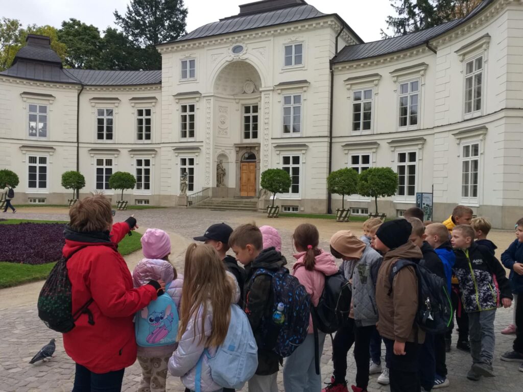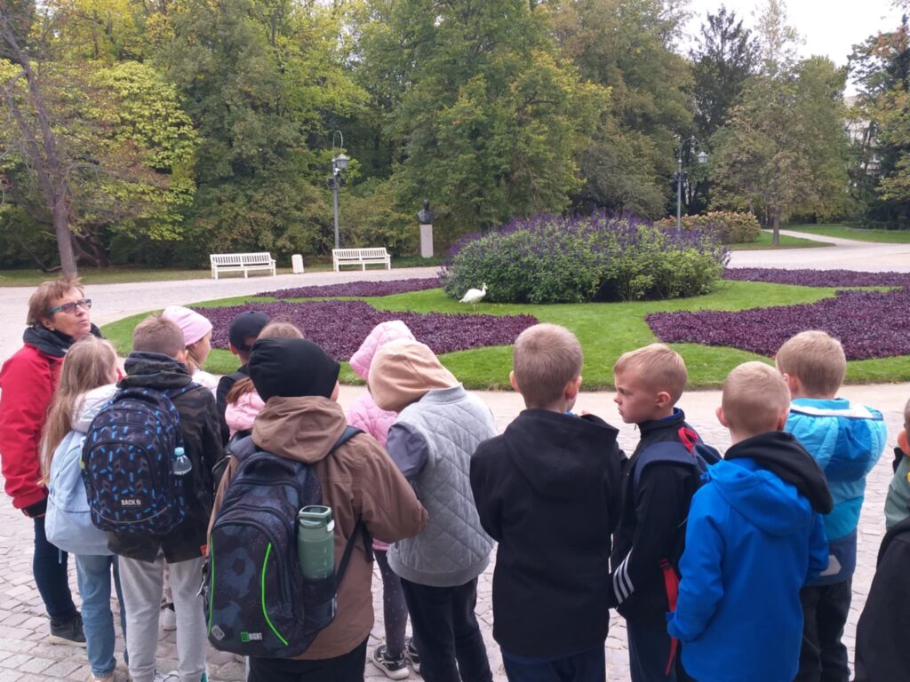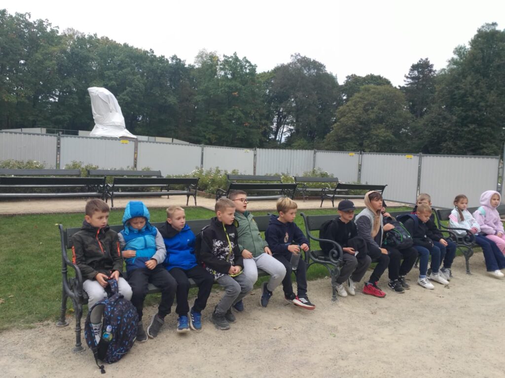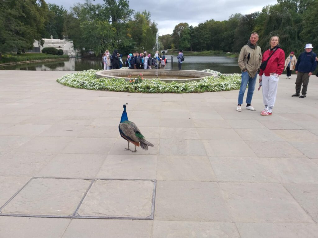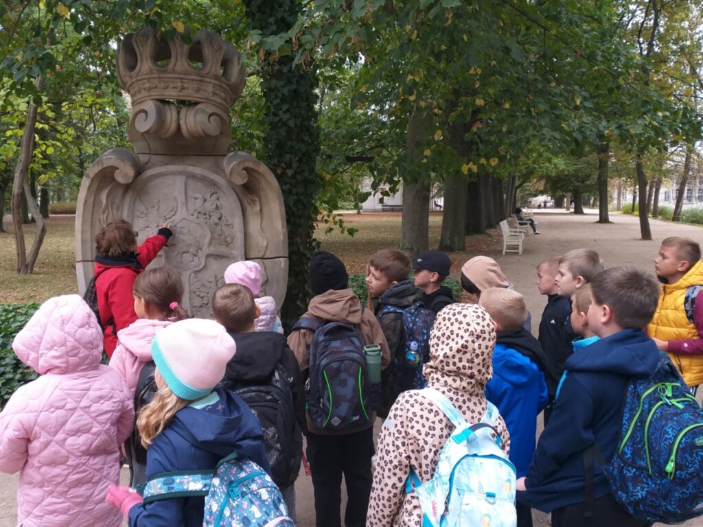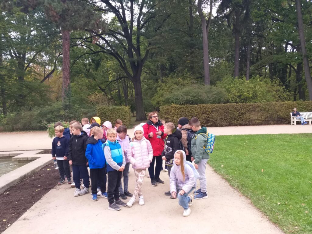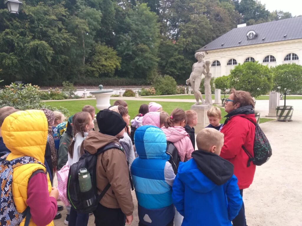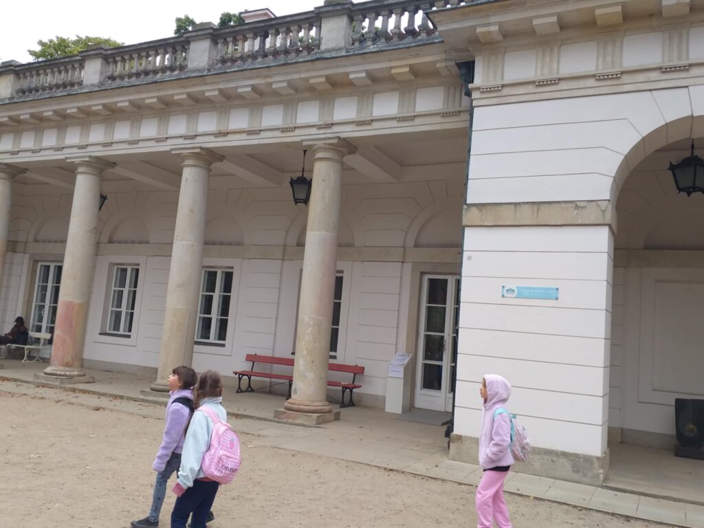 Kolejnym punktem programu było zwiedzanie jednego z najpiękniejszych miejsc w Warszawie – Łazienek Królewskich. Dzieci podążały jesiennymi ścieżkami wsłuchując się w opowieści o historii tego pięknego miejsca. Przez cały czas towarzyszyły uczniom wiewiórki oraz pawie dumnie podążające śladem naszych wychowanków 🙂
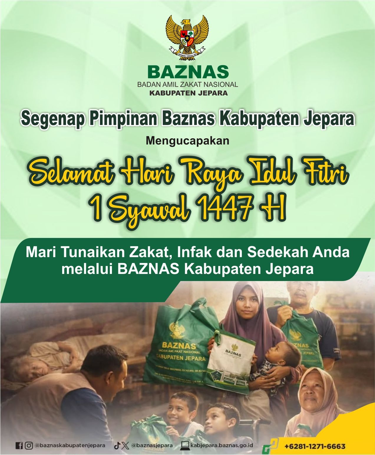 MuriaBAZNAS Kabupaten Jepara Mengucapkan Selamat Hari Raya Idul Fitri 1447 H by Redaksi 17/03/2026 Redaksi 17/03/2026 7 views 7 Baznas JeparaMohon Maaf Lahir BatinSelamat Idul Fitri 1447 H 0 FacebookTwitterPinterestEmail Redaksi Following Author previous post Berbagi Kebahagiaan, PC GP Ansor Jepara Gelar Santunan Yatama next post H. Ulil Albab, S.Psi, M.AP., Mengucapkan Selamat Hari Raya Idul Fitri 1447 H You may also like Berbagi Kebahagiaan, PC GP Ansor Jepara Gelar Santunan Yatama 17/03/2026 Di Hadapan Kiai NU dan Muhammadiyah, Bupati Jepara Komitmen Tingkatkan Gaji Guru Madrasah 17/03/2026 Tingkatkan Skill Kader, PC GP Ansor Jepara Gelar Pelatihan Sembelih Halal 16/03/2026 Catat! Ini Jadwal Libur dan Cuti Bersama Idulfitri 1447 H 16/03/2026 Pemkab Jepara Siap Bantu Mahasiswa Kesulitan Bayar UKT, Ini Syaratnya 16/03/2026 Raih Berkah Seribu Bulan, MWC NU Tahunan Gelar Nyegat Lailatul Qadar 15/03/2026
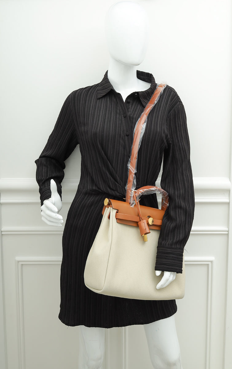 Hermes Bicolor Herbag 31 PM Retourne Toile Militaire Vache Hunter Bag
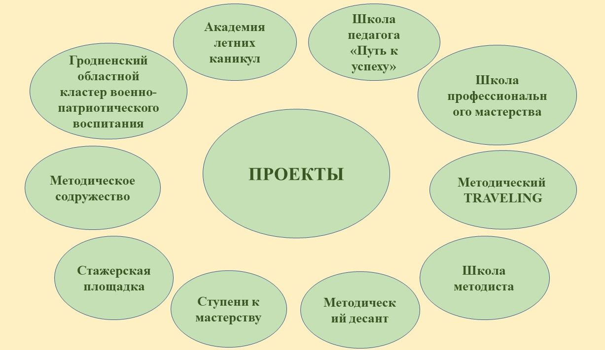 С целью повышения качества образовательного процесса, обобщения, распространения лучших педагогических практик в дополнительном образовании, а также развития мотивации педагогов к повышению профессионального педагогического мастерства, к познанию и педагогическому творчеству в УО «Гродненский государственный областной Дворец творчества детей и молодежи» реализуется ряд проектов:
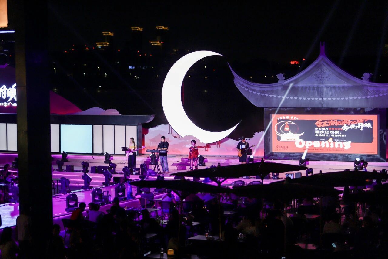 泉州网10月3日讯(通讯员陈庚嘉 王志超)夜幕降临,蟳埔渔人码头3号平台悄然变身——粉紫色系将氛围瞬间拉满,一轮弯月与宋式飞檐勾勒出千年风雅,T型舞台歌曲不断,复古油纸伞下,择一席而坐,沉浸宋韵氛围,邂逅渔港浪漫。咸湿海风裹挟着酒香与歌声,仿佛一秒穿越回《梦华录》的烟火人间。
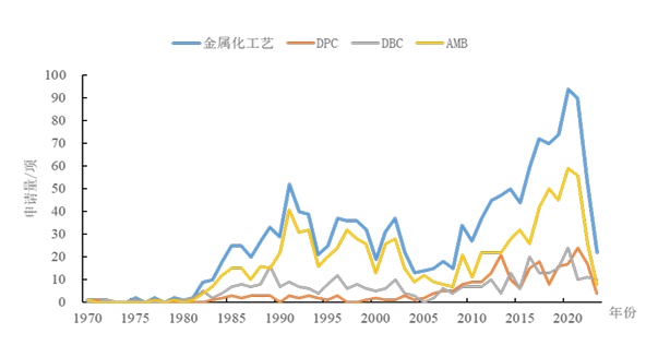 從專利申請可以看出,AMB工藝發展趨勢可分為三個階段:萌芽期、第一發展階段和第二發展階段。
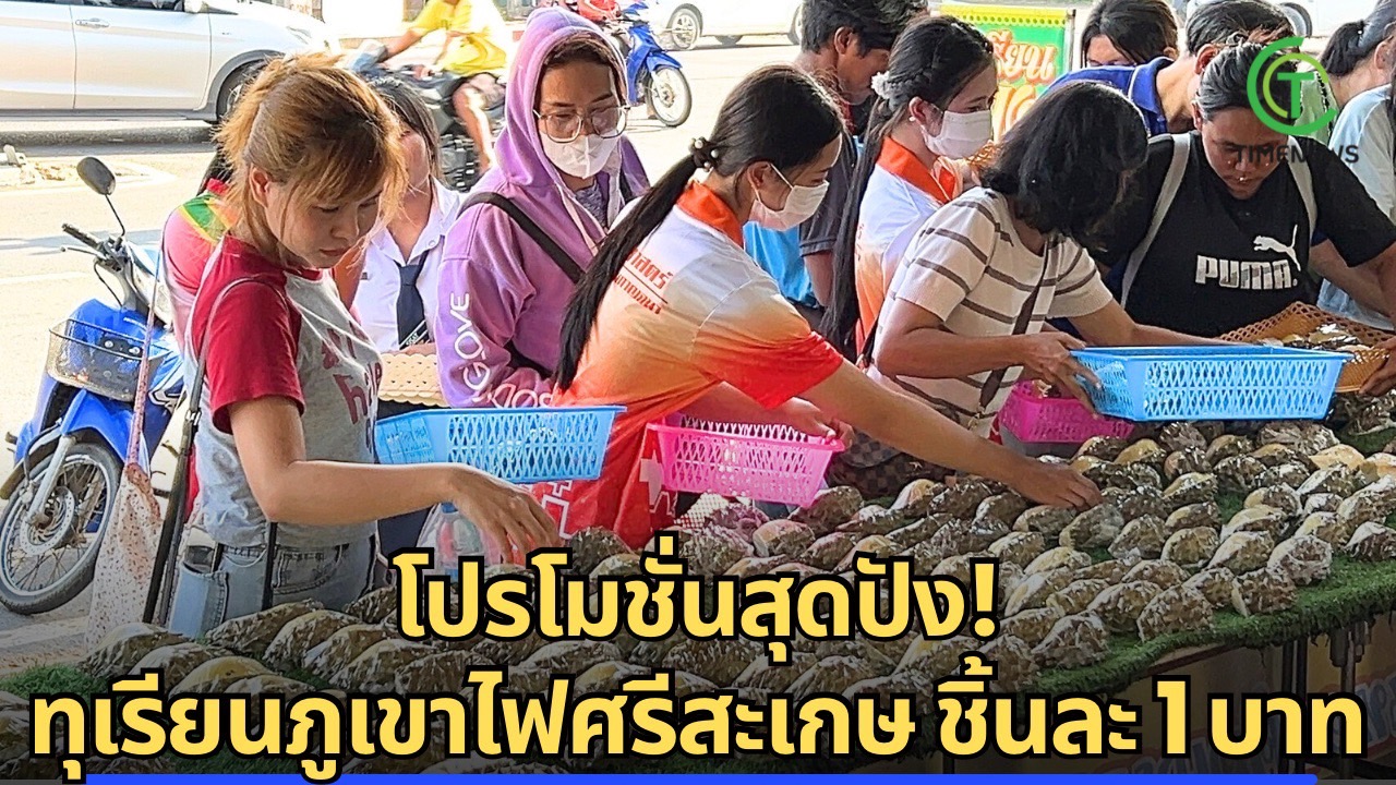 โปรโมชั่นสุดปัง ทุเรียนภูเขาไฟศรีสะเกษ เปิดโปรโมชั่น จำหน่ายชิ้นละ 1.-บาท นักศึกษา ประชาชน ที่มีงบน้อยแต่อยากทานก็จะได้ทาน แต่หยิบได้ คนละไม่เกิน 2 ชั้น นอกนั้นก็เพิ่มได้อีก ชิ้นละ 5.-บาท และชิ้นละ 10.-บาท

=-=-=

WORK INSTRUCTION » From start to finish, output the listing exactly, but omit its pictures.

ANSWER AREA »
 Kolejnym punktem programu było zwiedzanie jednego z najpiękniejszych miejsc w Warszawie – Łazienek Królewskich. Dzieci podążały jesiennymi ścieżkami wsłuchując się w opowieści o historii tego pięknego miejsca. Przez cały czas towarzyszyły uczniom wiewiórki oraz pawie dumnie podążające śladem naszych wychowanków 🙂
 MuriaBAZNAS Kabupaten Jepara Mengucapkan Selamat Hari Raya Idul Fitri 1447 H by Redaksi 17/03/2026 Redaksi 17/03/2026 7 views 7 Baznas JeparaMohon Maaf Lahir BatinSelamat Idul Fitri 1447 H 0 FacebookTwitterPinterestEmail Redaksi Following Author previous post Berbagi Kebahagiaan, PC GP Ansor Jepara Gelar Santunan Yatama next post H. Ulil Albab, S.Psi, M.AP., Mengucapkan Selamat Hari Raya Idul Fitri 1447 H You may also like Berbagi Kebahagiaan, PC GP Ansor Jepara Gelar Santunan Yatama 17/03/2026 Di Hadapan Kiai NU dan Muhammadiyah, Bupati Jepara Komitmen Tingkatkan Gaji Guru Madrasah 17/03/2026 Tingkatkan Skill Kader, PC GP Ansor Jepara Gelar Pelatihan Sembelih Halal 16/03/2026 Catat! Ini Jadwal Libur dan Cuti Bersama Idulfitri 1447 H 16/03/2026 Pemkab Jepara Siap Bantu Mahasiswa Kesulitan Bayar UKT, Ini Syaratnya 16/03/2026 Raih Berkah Seribu Bulan, MWC NU Tahunan Gelar Nyegat Lailatul Qadar 15/03/2026
 Hermes Bicolor Herbag 31 PM Retourne Toile Militaire Vache Hunter Bag
 С целью повышения качества образовательного процесса, обобщения, распространения лучших педагогических практик в дополнительном образовании, а также развития мотивации педагогов к повышению профессионального педагогического мастерства, к познанию и педагогическому творчеству в УО «Гродненский государственный областной Дворец творчества детей и молодежи» реализуется ряд проектов:
 泉州网10月3日讯(通讯员陈庚嘉 王志超)夜幕降临,蟳埔渔人码头3号平台悄然变身——粉紫色系将氛围瞬间拉满,一轮弯月与宋式飞檐勾勒出千年风雅,T型舞台歌曲不断,复古油纸伞下,择一席而坐,沉浸宋韵氛围,邂逅渔港浪漫。咸湿海风裹挟着酒香与歌声,仿佛一秒穿越回《梦华录》的烟火人间。
 從專利申請可以看出,AMB工藝發展趨勢可分為三個階段:萌芽期、第一發展階段和第二發展階段。
 โปรโมชั่นสุดปัง ทุเรียนภูเขาไฟศรีสะเกษ เปิดโปรโมชั่น จำหน่ายชิ้นละ 1.-บาท นักศึกษา ประชาชน ที่มีงบน้อยแต่อยากทานก็จะได้ทาน แต่หยิบได้ คนละไม่เกิน 2 ชั้น นอกนั้นก็เพิ่มได้อีก ชิ้นละ 5.-บาท และชิ้นละ 10.-บาท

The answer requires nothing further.